Urgences à Bollywood.

urgences.jpgHier, tandis que, coincée dans un embouteillage, je faisais défiler d’un pouce nonchalant le carnet d’adresses de mon téléphone portable, et ce pour mieux ignorer les vendeurs qui plaquaient contre les carreaux de la voiture: Vogue India, « The white Tiger » (d’Aravind Adiga, Booker Prize 2008), des pares-soleil noirs, puis bruns, des hélicoptères à la peinture toxique fabriqués par des enfants, des mangues, des heliconias (qui ne sont pas, contrairement à ce que je croyais jusqu’à ma visite du jardin botanique de Singapour en 1993, des connasses à hélices, mais d’immenses fleurs rigides, le plus souvent rouges bordées de jaune, qui s’égrènent comme un chapelet le long d’une tige épaisse comme mon poignet), des petits bouquets de piments, citrons et feuilles de je ne sais quoi destinés à chasser le mauvais oeil, plus d’autres choses que je n’identifiais pas, pendant donc que j’adoptais cette stratégie bien connue des mumbaikars, m’absorber dans la contemplation de 35 centimètres carrés de cristaux liquides, je remarquai un fait troublant: mon carnet d’adresses comporte le téléphone de 22 médecins, de spécialités diverses, certes, mais il me fallait me rendre à l’évidence, j’avais plus de médecins que d’amis.

Lorsque vous êtes frappés en plein vol d’une décade que vous ne voulez pas nommer par cette constatation, quelle conclusion en tirer ? La première est que vous êtes hypocondriaque, et c’est ma foi fort possible.

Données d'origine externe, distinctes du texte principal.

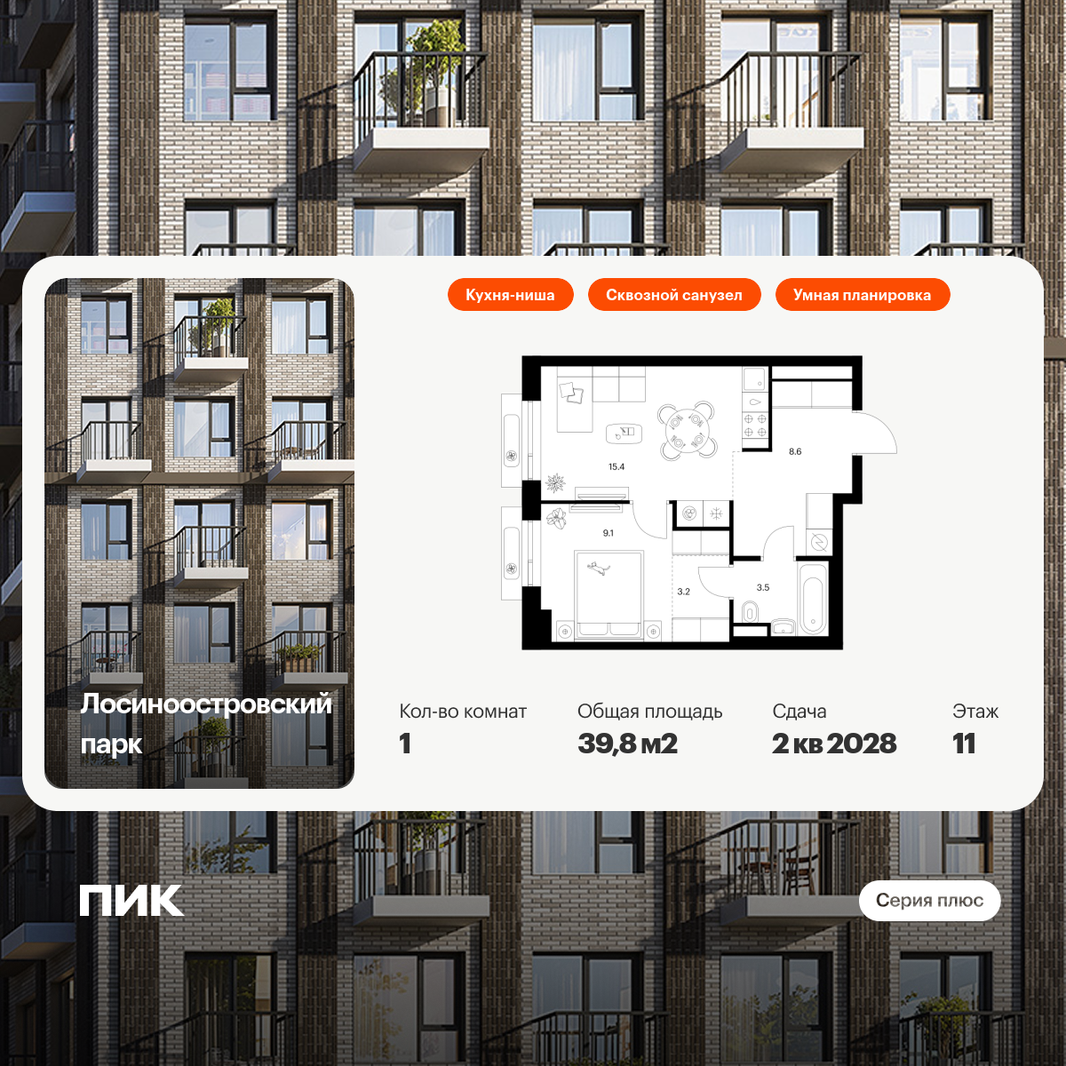 В квартирах продуман каждый метр — мы детально просчитываем все возможные сценарии и способы использовать пространство. Например, большой семье подойдёт квартира с кухней-гостиной, выделенной постирочной и спальнями, разнесёнными по разные стороны гостиной. А кому-то важнее просторная мастер-спальня с гардеробной и собственным санузлом.

La seconde est que ces 22 médecins sont indispensables à l’accompagnement jusqu’à l’âge adulte et en bonne santé de vos 14 enfants. Mais la vérité, c’est que j’adore aller chez le médecin en Inde, et ça tombe bien, parce qu’entre les ligaments tordus de l’un au basket, la lèvre explosée de l’autre au badminton (un sport à la violence sous-estimé), les vaccins du dernier, les salades qui dissimulaient perfidement quelques amibes dans leurs nervures à la verdeur engageante et j’en passe, chez le médecin, j’y suis souvent.

Ma belle-mère m’a souvent posé la question: mes médecins en Inde sont … indiens et très compétents. Mais ils sont aussi pittoresques, et quand ce n’est eux, c’est leur salle d’attente. Le pédiatre favori de mes enfants (j’en ai 3 dans mon carnet d’adresse) est un homme absolument charmant qui mesure 1m45, ce que je trouve très bien pour un pédiatre, c’est rassurant. Il a une obsession contre la tomate et le chocolat, qu’il interdit à mes enfants sous toutes leurs formes, même combinées, au moindre écoulement nasal. (J’ai un autre pédiatre, celui-là fort grand, qui lui en veut au lait: « Etes vous une vache ? » Répétez après moi: « Je ne suis pas une vache, je ne nourris pas mon fils de lait essentiellement »). La salle d’attente de ce pédiatre est merveilleuse. D’abord, il y a un coucou, un coucou suisse, un vrai, très grand, que les enfants fixent bouche bée à chaque changement d’heure. Il y a ensuite une immense fontaine en coquillages et galets luisants de tous les dégradés de vert et de bleu, qui clapote aux pieds de personnages à la mythologie non indentifiée. Des dieux variés recouverts de pierreries, des paysages bucoliques brodés, bref, une internationale de la kitschitude qui arrive à surprendre au plein coeur de l’Inde. Qui plus est, ce médecin (oui Docteur Rajan, je l’avoue, vous êtes mon favori) a son cabinet au milieu d’un quartier populaire. Le trajet est toujours fort encombré, mais les boutiques ramassées les unes contre les autres grouillent d’activité, les passants s’agitent, s’invectivent.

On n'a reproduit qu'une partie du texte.